I have a stepson who refuses to support himself. He is 37years old and has never had a job for more than a few months, and even with that he has only had enough jobs to count on one hand in his whole life. He has always found someone to take him in, and my husband has always given him money.
In 2016, my husband paid his rent for 6 months before I set the boundary that I would no longer allow our money to pay for his rent, that if my husband continues to do so, I would divorce him. He stopped and my stepson moved in with his mother and step father. Last week he attacked his step father and broke his jaw among other things, and they kicked him out. He is now living with one of his friend’s mother. I have also set the boundary that I will not share a living space with him, that includes my barn, my shop, even my horse trailer or my ditch. I refuse to live in the same space at all.

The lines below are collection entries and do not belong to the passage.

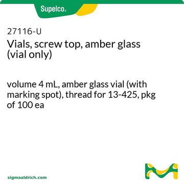 Amber glass vials (volume 4 mL, with marking spot) are useful in preventing the sensitive analyte under investigation from exposure to UV light. Screw top vials are used on many autosamplers with a standard opening of 8 mm. The threads on the standard vials are 13-425.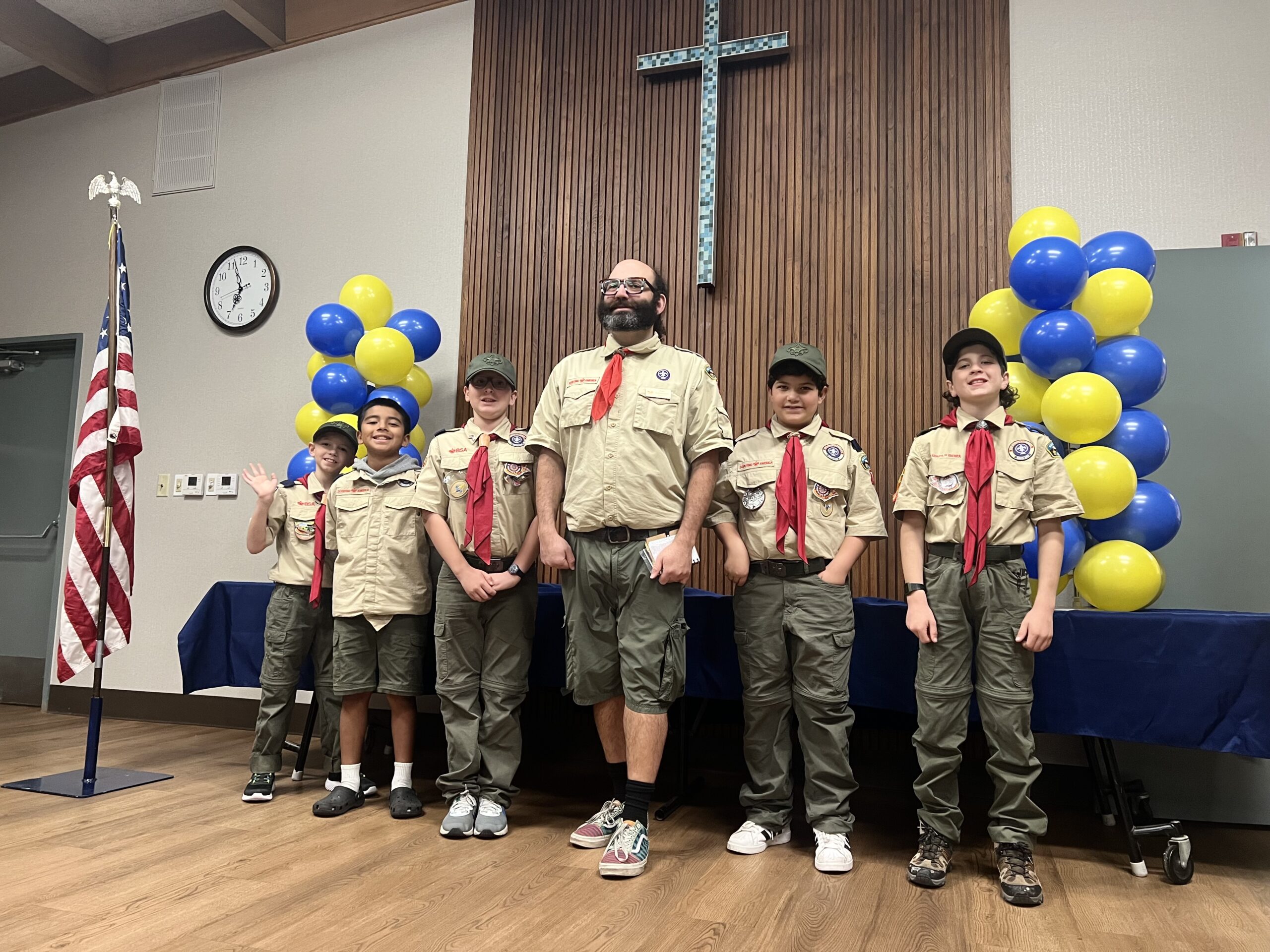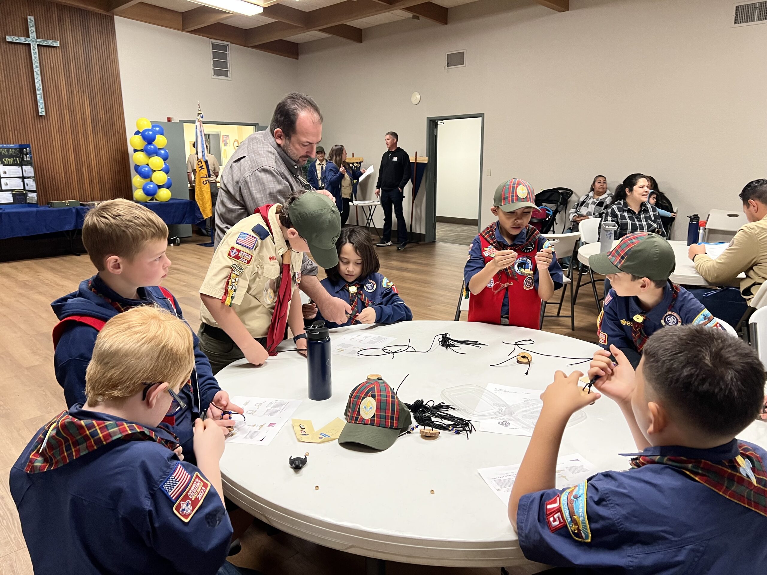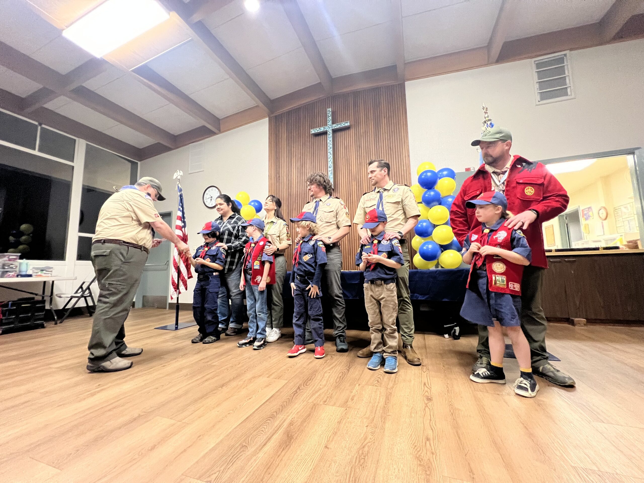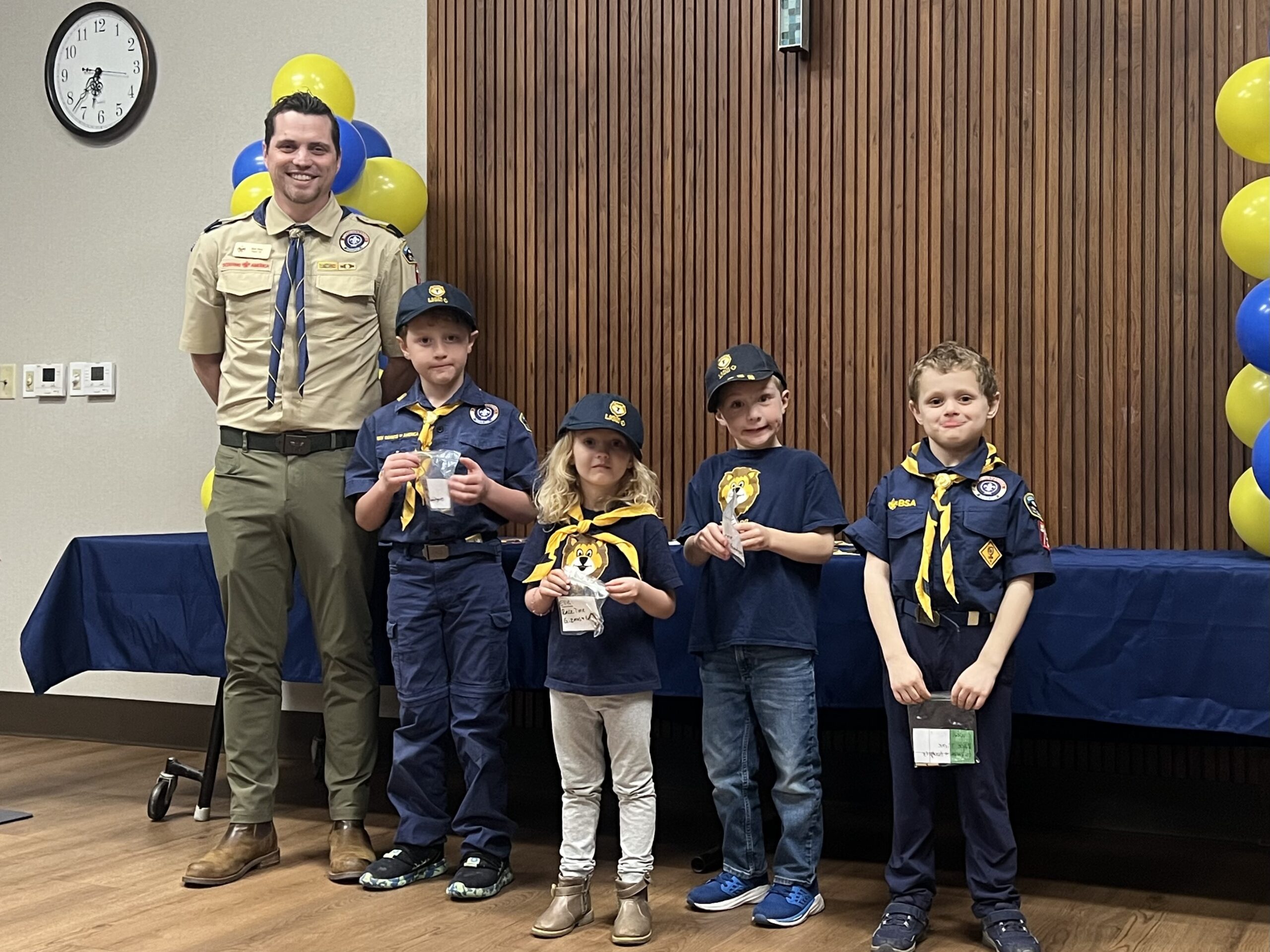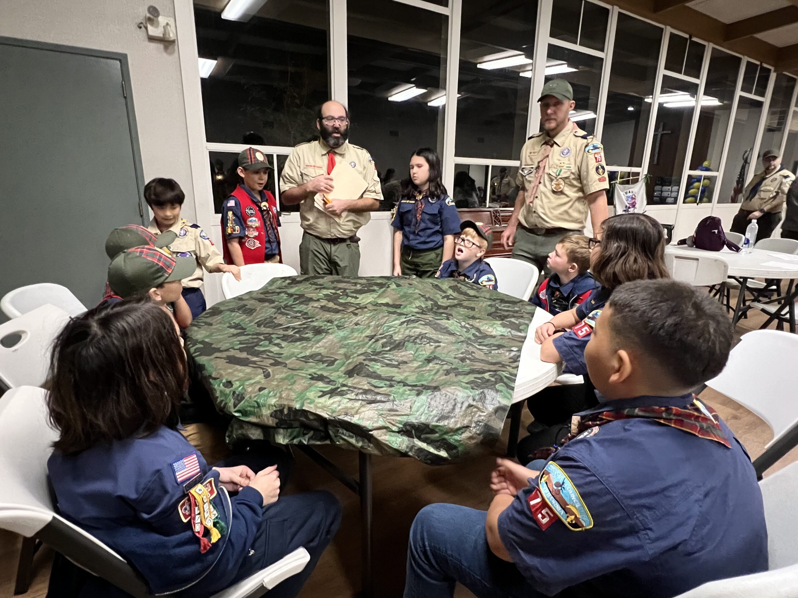 Pack 75 observed the anniversary of Scouting with the traditional Blue & Gold celebration. The scouts were presented with awards for their latest achievements, and showed off all of their patches and belt loops to signify their hard work in Scouting.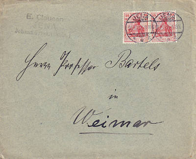 Inlandsbrief (1-20 g) vom 30.01.1920 (4. Periode) frankiert mit 2 Marken a 10 Pfennig (=20 Pfennig) |

I have done many models concerning my thoughts about my stepson and my boundaries. My issue right now is that I am tired of having to constantly work on my thoughts about this. My husband is a very poor communicator. He refuses to talk about anything unpleasant, so I do not know what his boundaries are or how he is going to respond once his son is completely homeless and his wife has these boundaries. I live in this constant state of unease that the bottom is going to drop out of my life at any moment. I am prepared to follow through with the consequences I’ve established. It’s this “waiting” and anxiety that is wearing me down. It keeps me very guarded and afraid to just relax into my life with my husband. When it comes up, I address it through feeling the feelings and doing models; but I’d like for it to stop coming up over and over again. This is the model that I would like to get to but so far have not been able to make a reality:
C-possibility that my marriage will end
T-nothing is permanent except my relationship with myself, and I’ve got my own back.
A-live one day at a time without worrying
R-Reoccuring anxiety stops
I’m hoping you will see what I am missing and help me get to a state of peace that lasts for more than one day. I suspect that you are going to suggest that I just accept my stepson as he is and be ok with supporting him, but my thoughts against that are too strong. I have a very strong belief that enabling him does not serve anyone, and is in fact, very harmful. I am committed to my boundaries. I would like to stop worrying over it though.